Cristian Bonfanti

Personal information
- Full name: Cristian Bonfanti
- Born: 30 November 1981 (age 44) Bergamo, Italy

Team information
- Discipline: Road
- Role: Rider

Professional teams
- 2003: De Nardi–Colpack (stagiaire)
- 2005: Domina Vacanze
- 2006: Team 3C Casalinghi Jet–Androni Giocattoli

= Christian Bonfanti =

Italian former road racing cyclist (born 1981)

Cristian Bonfanti (born 30 November 1981) is an Italian former road racing cyclist. He rode for Domina Vacanze in 2005 and Team 3C Casalinghi Jet–Androni Giocattoli in 2006, after appearing as a stagiaire with De Nardi–Colpack in 2003.

== Career ==
Bonfanti was born in Bergamo. Before turning professional, he rode for U.C. Bergamasca and was a stagiaire with De Nardi–Colpack in 2003. Tuttobiciweb lists him as a professional from 1 January 2005, riding for Domina Vacanze in 2005 and Team Androni Giocattoli in 2006.

In 2005, Bonfanti finished sixth in the Giro di Romagna, which was won by Danilo Napolitano ahead of Daniele Bennati and Graeme Brown.

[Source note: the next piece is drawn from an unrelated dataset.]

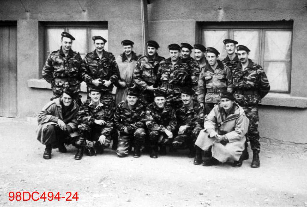 Photo de groupe de 16 militaires d’une unité française (parachutistes ? légion ?) posant devant un bâtiment. Certains sont debout, d’autres accroupis au premier rang, dans une pose typique de photo de groupe officielle ou souvenir de service.
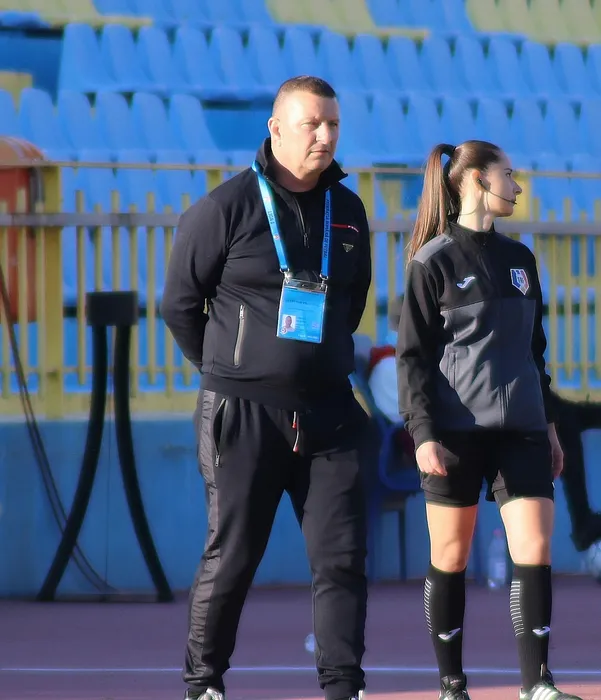 Ionut Chirila si Arbitrul de rezerva Demetrescu Iuliana Elena in meciul de fotbal dintre Gaz Metan Medias si Academica Clinceni, contand pentru Liga 1 Casa Pariurilor, desfasurat fara spectatori pe Stadionul Municipal din Medias, duminica 31 octombrie 2021. © FOTO:Valentin Macrea/SPORT PICTURES

Ahead of the 2006 season, Tuttobiciweb reported that Team Androni Giocattoli–3C Casalinghi had moved up to Professional Continental level and that Bonfanti had joined the team from Domina Vacanze. He was included in the team's line-up for its first race of the 2006 season, the Gran Premio della Costa Etruschi.